11. A method of preparing a pair of fusion polypeptides according to any preceding claim, comprising the steps of: a) selecting a first variable domain sequence and a second variable domain sequence wherein presence of the antigen in a solution promotes complexing between the variable domain sequences; b) selecting a first effector sequence and a second effector sequence that do not complex with each other in a solution containing the antigen; c) preparing a first fusion polypeptide in which the first variable domain sequence is linked to the first effector sequence, and a second fusion polypeptide in which the second variable domain sequence is linked to a second effector sequence; and d) confirming that the first fusion polypeptide forms a complex with the second fusion polypeptide that is stabilized in a solution if the solution contains the antigen.

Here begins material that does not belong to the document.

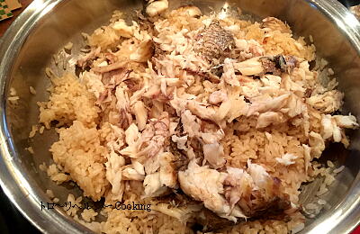 【3】出来上がったら骨を取り身をほぐし混ぜる。

12. A method of converting a substrate to a product in a manner that depends on the presence of an antigen, comprising the step of creating an environment that contains the antigen, the substrate, and a pair of fusion polypeptides according to any of claims 4 to 8.

13. A method of determining an antigen in a sample, comprising the steps of: a) preparing a reaction mixture containing the sample and a pair of fusion polypeptides according to any of claims 1 to 10; b) measuring complexes formed between the first effector sequence and the second effector sequence; and c) correlating the complexes measured in step b) with the presence, absence or amount of the antigen in the sample.

14. The method according to claim 13, wherein the first and second effector sequences are two fragments of an enzyme that complement to provide catalytic activity for conversion of a substrate to a product, wherein the reaction mixture prepared in step a) further comprises the substrate, and wherein the measuring in step b) comprises measuring the product formed in the reaction mixture.

15. A kit for determining an antigen in a sample according to claim 13 or claim 14, comprising a package containing each of the pair of fusion polypeptides according to any of claims 1 to 10.